Expert5 min read·php-02-020
interviewperformance

Concept

Every PHP variable is backed by a zval (Zend Value) — the internal C struct that stores the variable's value, type, and reference-counting metadata. Understanding zvals explains PHP's memory behavior, copy-on-write semantics, and why certain operations are expensive or cheap.

A zval in PHP 8 contains: a value union (stores the actual data — int, float, pointer to string/array/object), a type byte (IS_NULL, IS_LONG, IS_DOUBLE, IS_STRING, IS_ARRAY, IS_OBJECT, IS_TRUE, IS_FALSE, IS_UNDEF), and two additional bytes for type_flags and extra. Small integers and floats are stored directly in the zval (no heap allocation). Strings, arrays, and objects are heap-allocated and the zval holds a pointer to them.

Reference counting and copy-on-write: Heap-allocated values (strings, arrays, objects) maintain their own refcount — the number of zvals pointing to them. When you assign $b = $a where $a holds an array, PHP doesn't copy the array; it increments the array's refcount and both zvals point to the same heap allocation. Only when you write to $b does PHP "separate" — decrement the refcount, allocate a new copy, and write to the copy. This is copy-on-write (COW).

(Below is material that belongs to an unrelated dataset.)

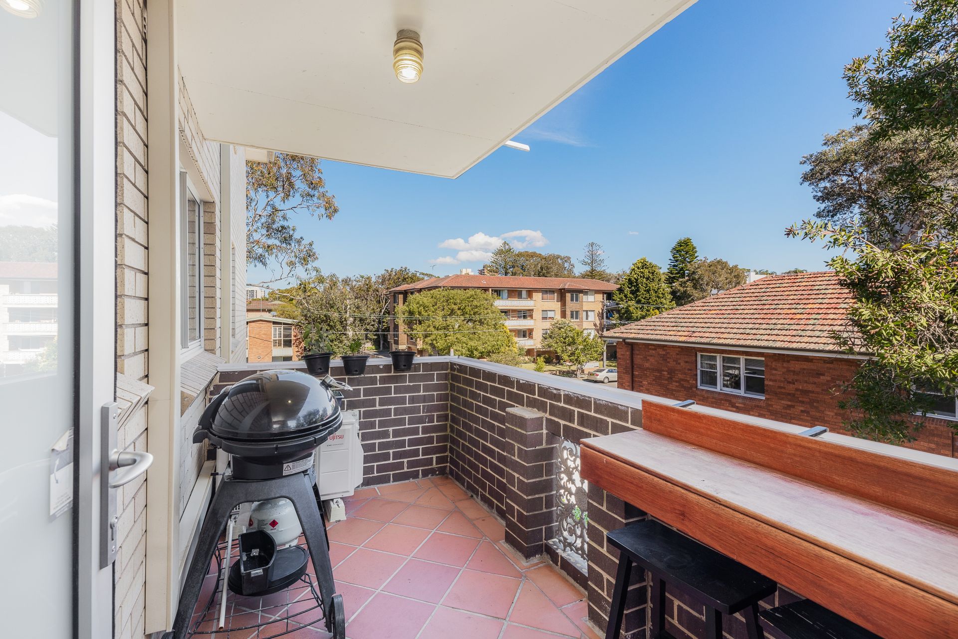 - West-facing covered balcony flooded with afternoon light
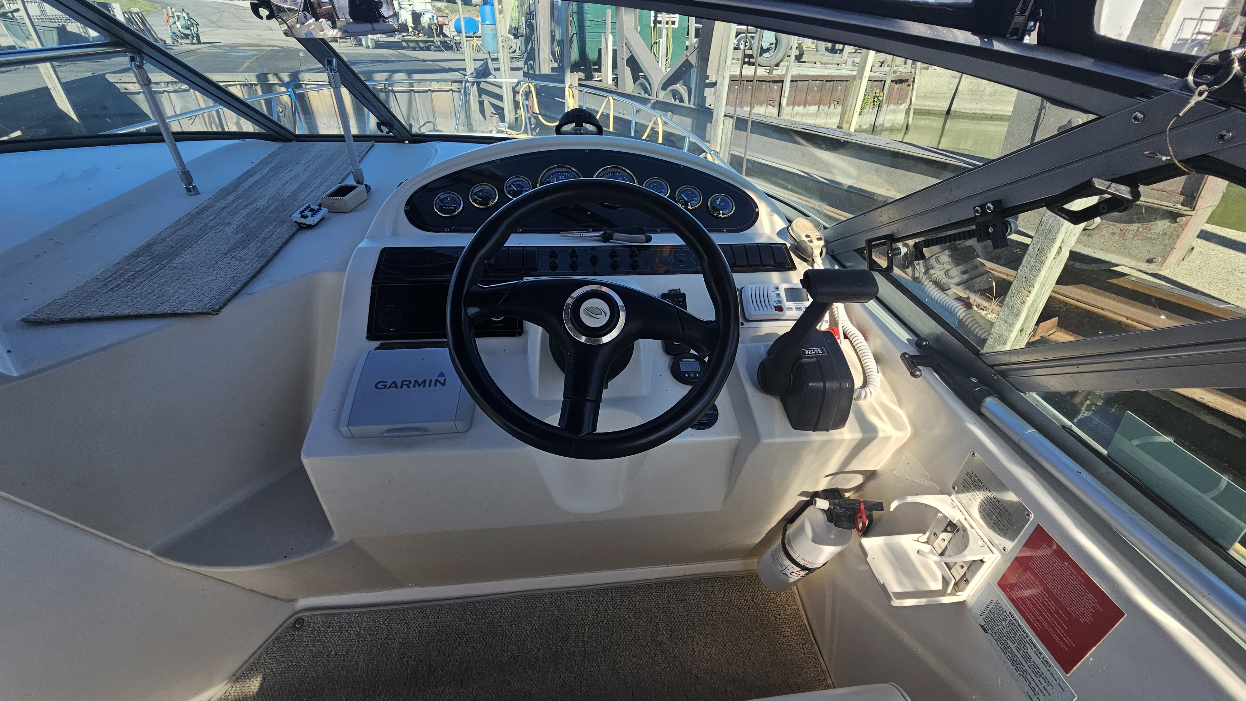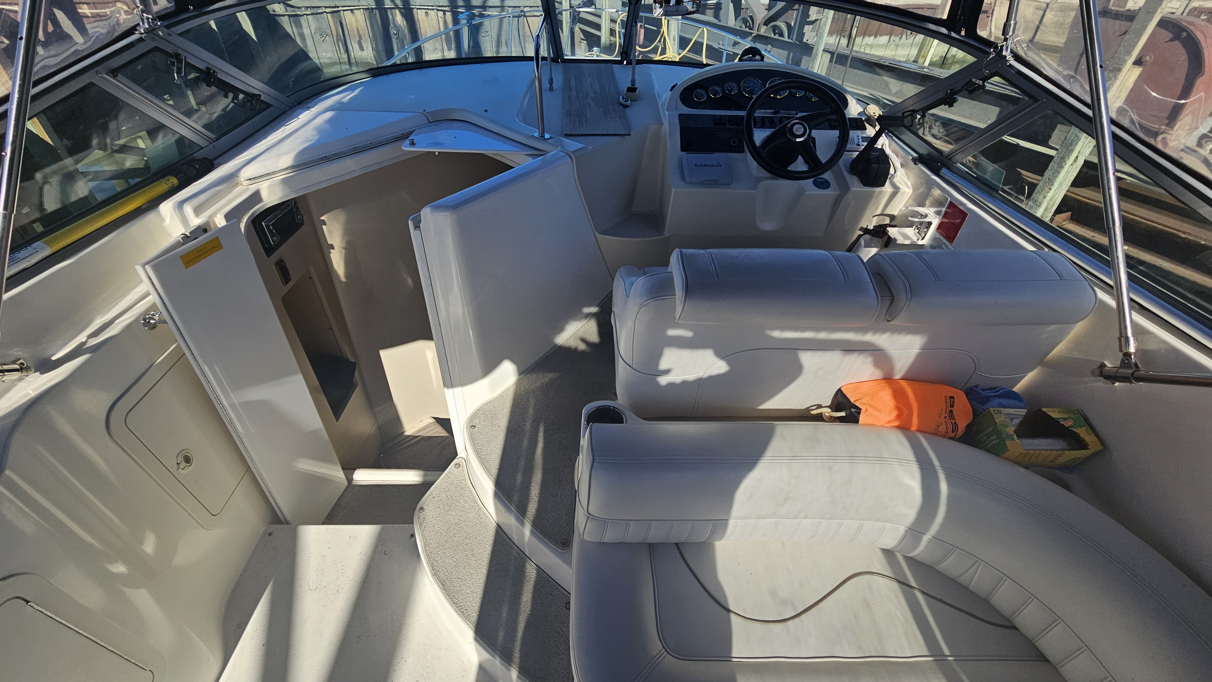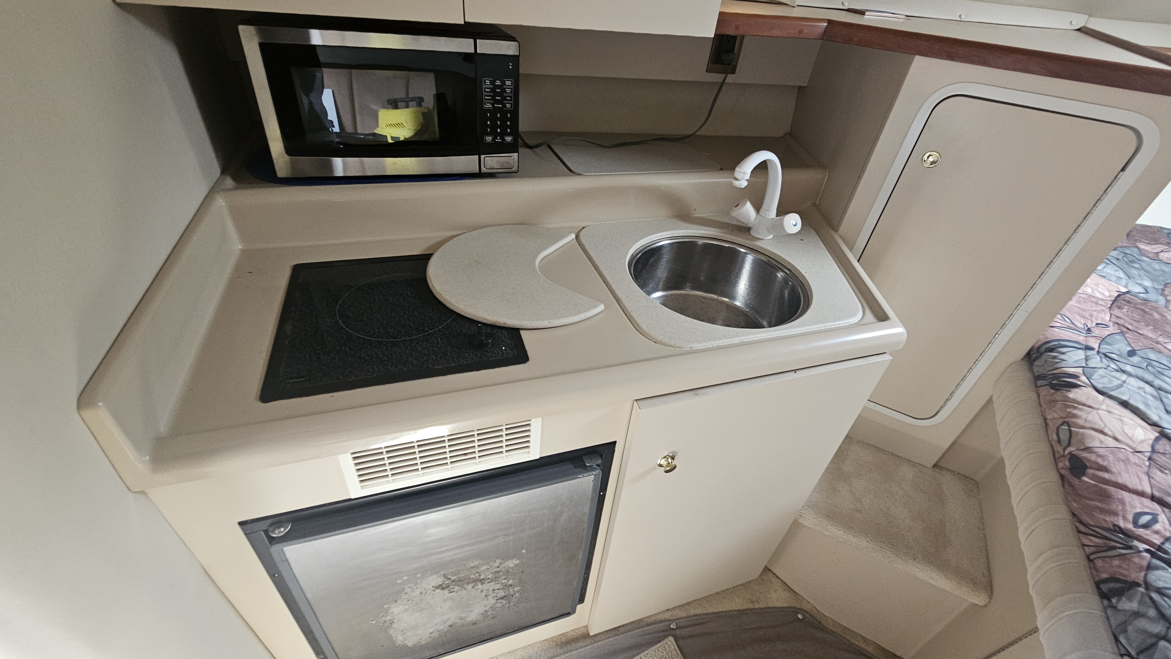 The Cruisers 2870 Rogue offers luxury performance in an affordable package.This yacht is ergonomically designed to provide space as well as features. The 2870 Rogue ensures ease of movement forward with a center windshield walk-through, and an optional cockpit sun lounge with table is available for summer afternoon anchorages. The below deck living space features an open layout including a crescent-shaped convertible dinette, large midcabin and a spacious forward double berth. A full-service galley to port features a large refrigerator and electric stove. The

Interned strings: PHP interns (de-duplicates) string literals and function/class/variable names at compile time. Interned strings have IS_STR_INTERNED flag set, which disables reference counting for them — they live for the entire request lifecycle and are never freed individually. This is why string-heavy PHP code uses less memory than you'd expect.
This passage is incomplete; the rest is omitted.